## AIM OF THE TASK
Without the pictures, give the listing below again exactly.

INFORMATION SHOWN Block Start

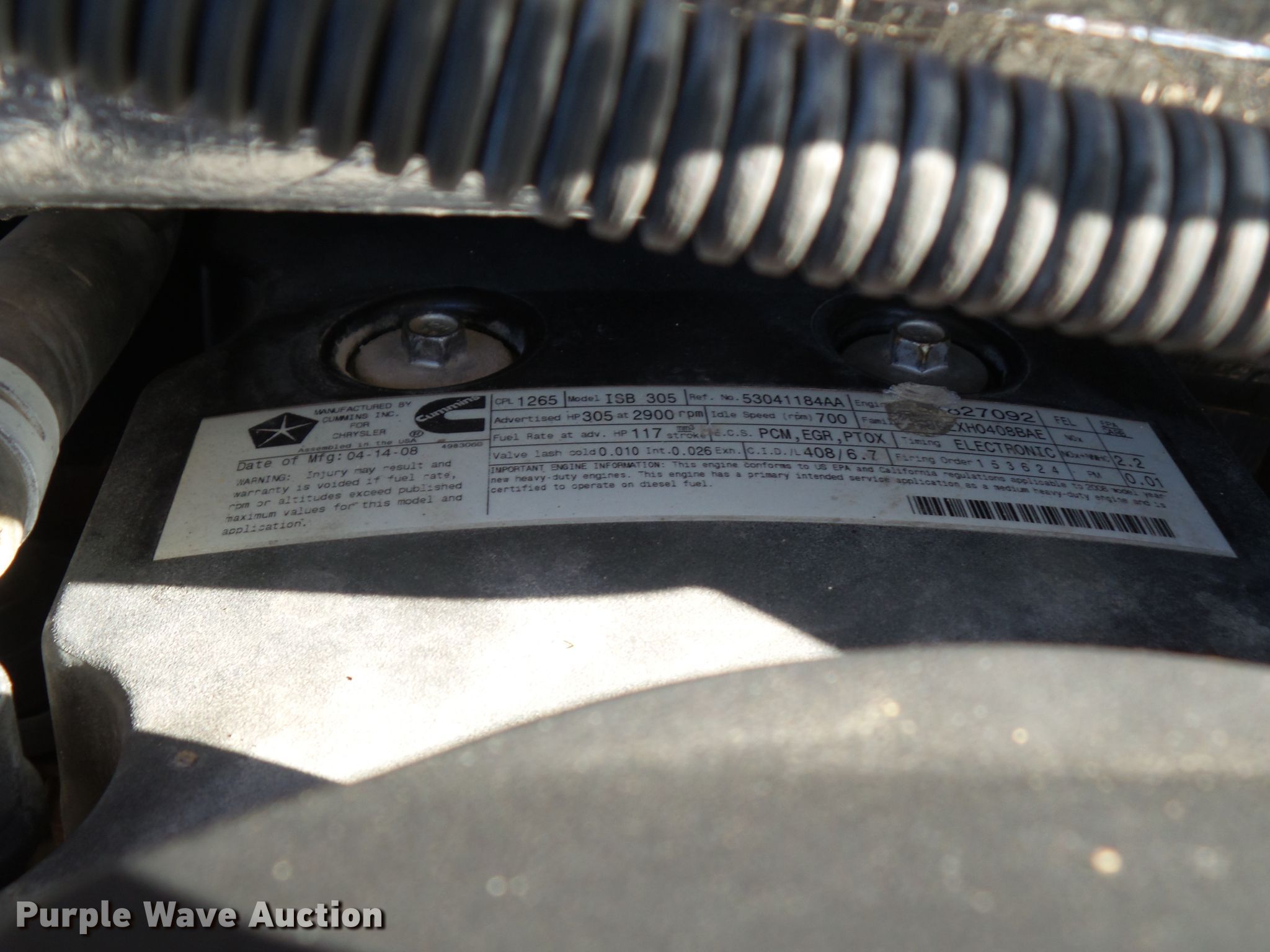 2008 Sterling 5500 flatbed truck. 89,600 miles on odometer Miles may vary, unit still in use. Engine Cummins ISB, Displacement: 6.7L, Cylinders: 6, Fuel type: Diesel. Transmission Automatic. Chassis Axles: Single, Suspension: Spring, Brakes: Hydraulic, GVWR: 19,500 lbs, Wheelbase: 190". Interior AC, Heat. Operational Flatbed Length: 11.5', Width: 93". Tires Size: 225/70R19.5. Notes Two way radio not included, Auxiliary fuel tank not included, Bottles not included. Iowa title. Title distribution may be delayed up to 14 days from verification of funds. 3F6WJ78A68G351225. DeCarlo Demolition - Open inspection Oct. 21. 260 NE 44th Ave. Des Moines, IA 50313
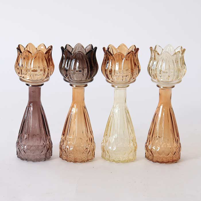Vaso a tema floreale, realizzato in vetro, disponibile in quattro sfumature di marrone.
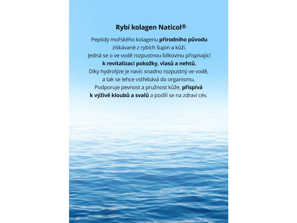- Hydrolyzovaný kolagen (vepřový a rybí - Naticol®) – základní stavební složka kloubů, kostí, pokožky, vlasů a nehtů
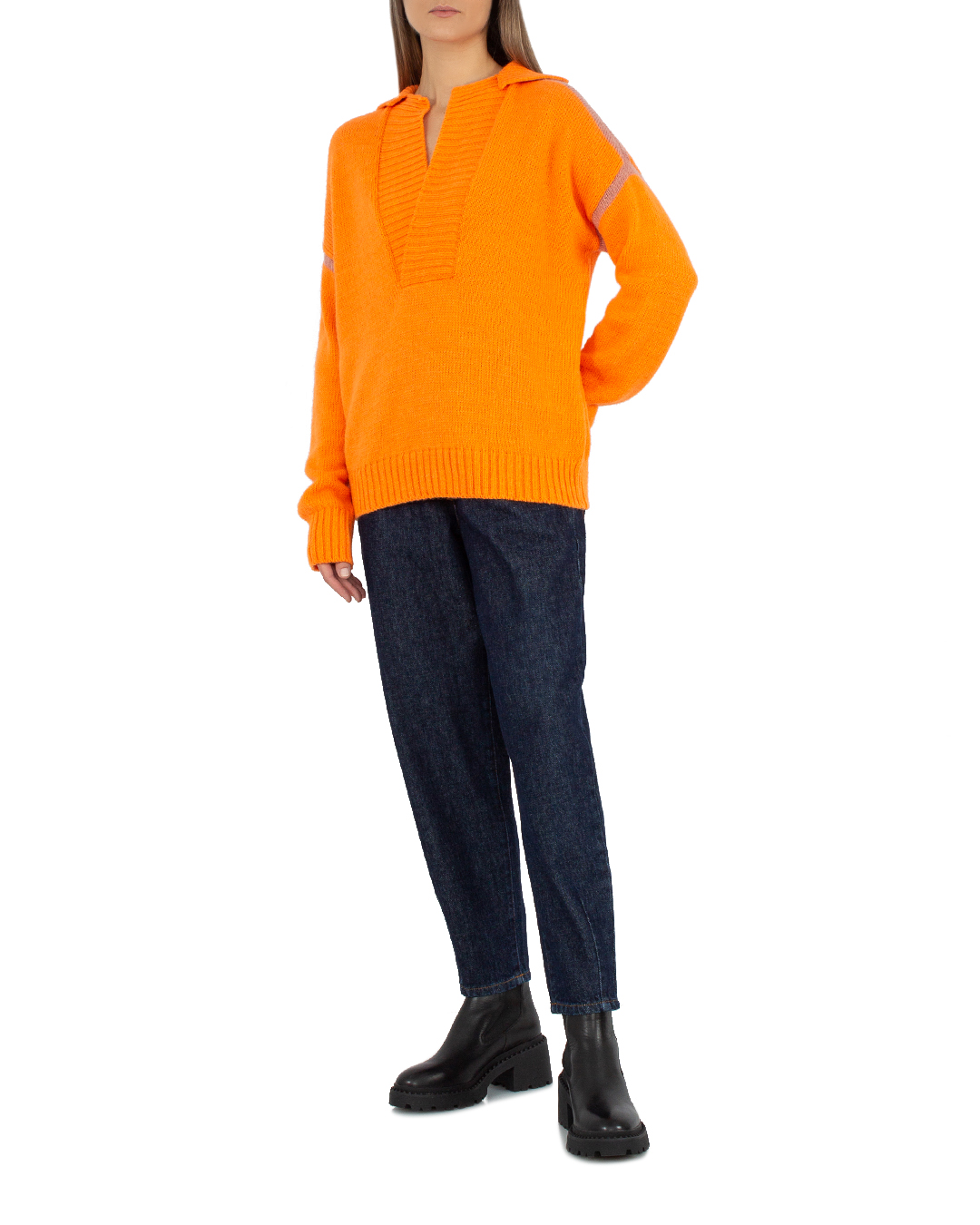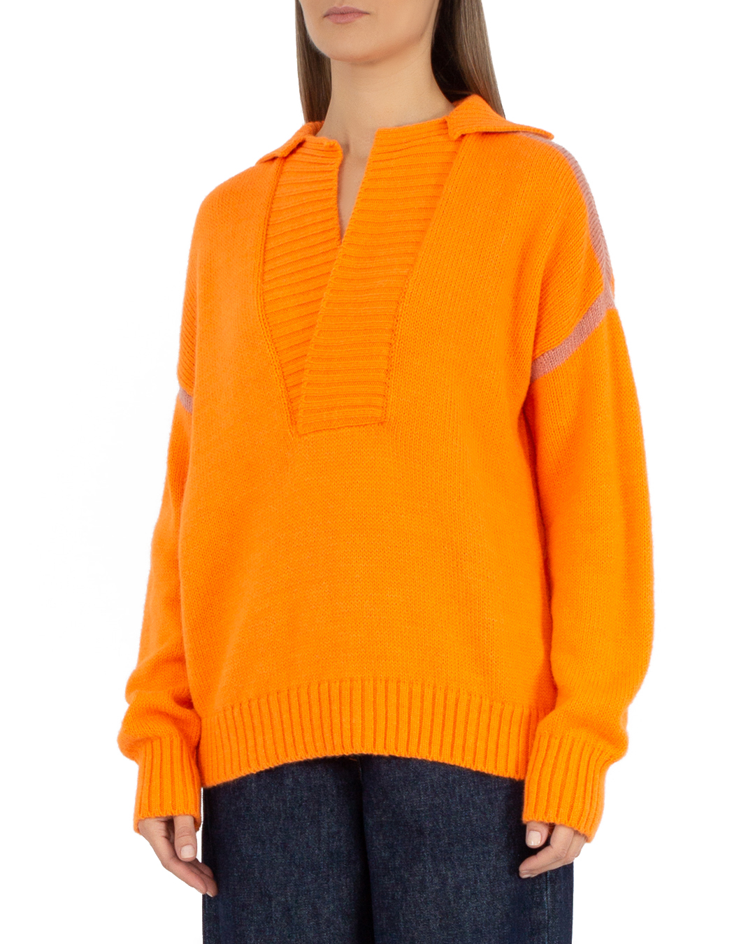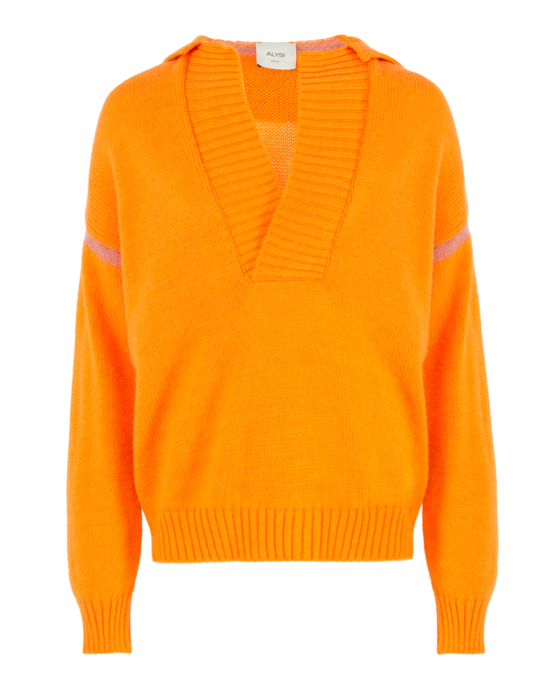 Вязаный пуловер ALYSI из комбинированной мягкой шерсти. Модель прямого свободного силуэта со спущенной линией плеч и уплотненной отделкой манжет, линии выреза низа в рубчик.
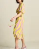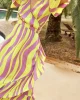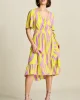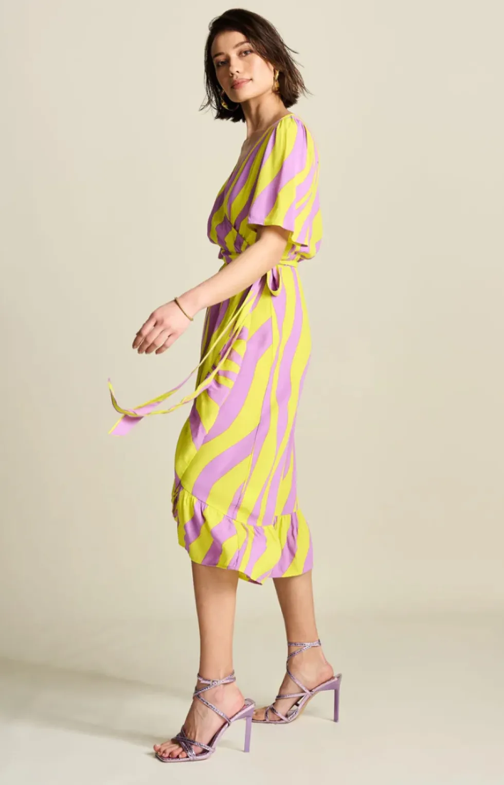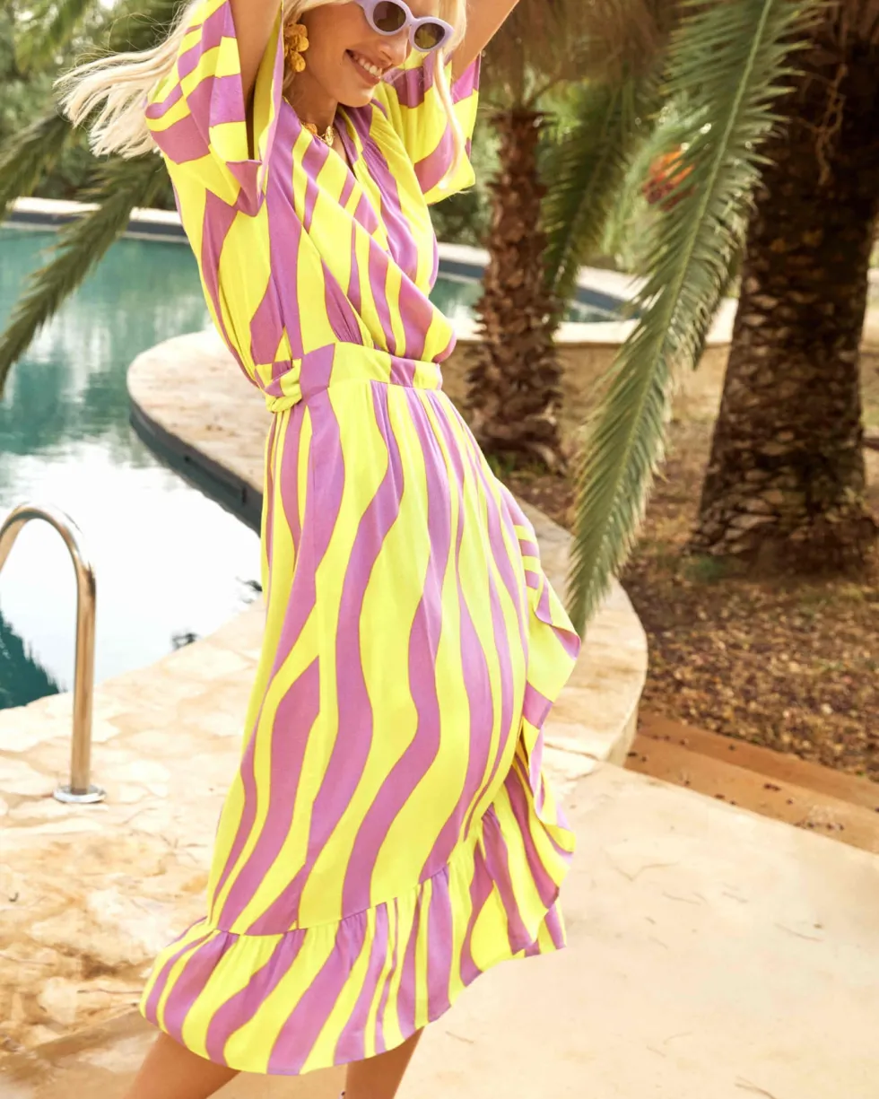 This yellow dress has a purple pattern of asymmetrical stripes. The dress has an elegant wrap detail with a ruffle and a tie belt at the waist. Thanks to the use of LENZING™ ECOVERO™ fabric, the dress fits smoothly and the item is 'more sustainable'.• Yellow dress• Wrap design• Purple wave pattern• Short butterfly slee
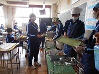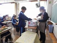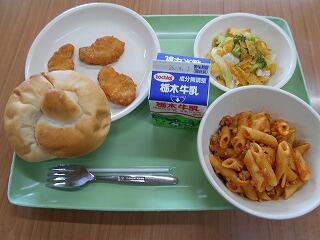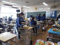 この日、1・2年生の今年度の給食が最後となりました。写真は、担任と給食当番さんによる給食配膳の様子です。なお、本日の給食のメニューは、ミニ米粉パン、牛乳、ペンネボロネーゼ、チキンナゲット、コーンフレークサラダでした。今年度もごちそうさまでした!

INFORMATION SHOWN Block End

## OUTPUT FOR THIS TASK
 2008 Sterling 5500 flatbed truck. 89,600 miles on odometer Miles may vary, unit still in use. Engine Cummins ISB, Displacement: 6.7L, Cylinders: 6, Fuel type: Diesel. Transmission Automatic. Chassis Axles: Single, Suspension: Spring, Brakes: Hydraulic, GVWR: 19,500 lbs, Wheelbase: 190". Interior AC, Heat. Operational Flatbed Length: 11.5', Width: 93". Tires Size: 225/70R19.5. Notes Two way radio not included, Auxiliary fuel tank not included, Bottles not included. Iowa title. Title distribution may be delayed up to 14 days from verification of funds. 3F6WJ78A68G351225. DeCarlo Demolition - Open inspection Oct. 21. 260 NE 44th Ave. Des Moines, IA 50313
Vaso a tema floreale, realizzato in vetro, disponibile in quattro sfumature di marrone.
- Hydrolyzovaný kolagen (vepřový a rybí - Naticol®) – základní stavební složka kloubů, kostí, pokožky, vlasů a nehtů
 Вязаный пуловер ALYSI из комбинированной мягкой шерсти. Модель прямого свободного силуэта со спущенной линией плеч и уплотненной отделкой манжет, линии выреза низа в рубчик.
 This yellow dress has a purple pattern of asymmetrical stripes. The dress has an elegant wrap detail with a ruffle and a tie belt at the waist. Thanks to the use of LENZING™ ECOVERO™ fabric, the dress fits smoothly and the item is 'more sustainable'.• Yellow dress• Wrap design• Purple wave pattern• Short butterfly slee
 この日、1・2年生の今年度の給食が最後となりました。写真は、担任と給食当番さんによる給食配膳の様子です。なお、本日の給食のメニューは、ミニ米粉パン、牛乳、ペンネボロネーゼ、チキンナゲット、コーンフレークサラダでした。今年度もごちそうさまでした!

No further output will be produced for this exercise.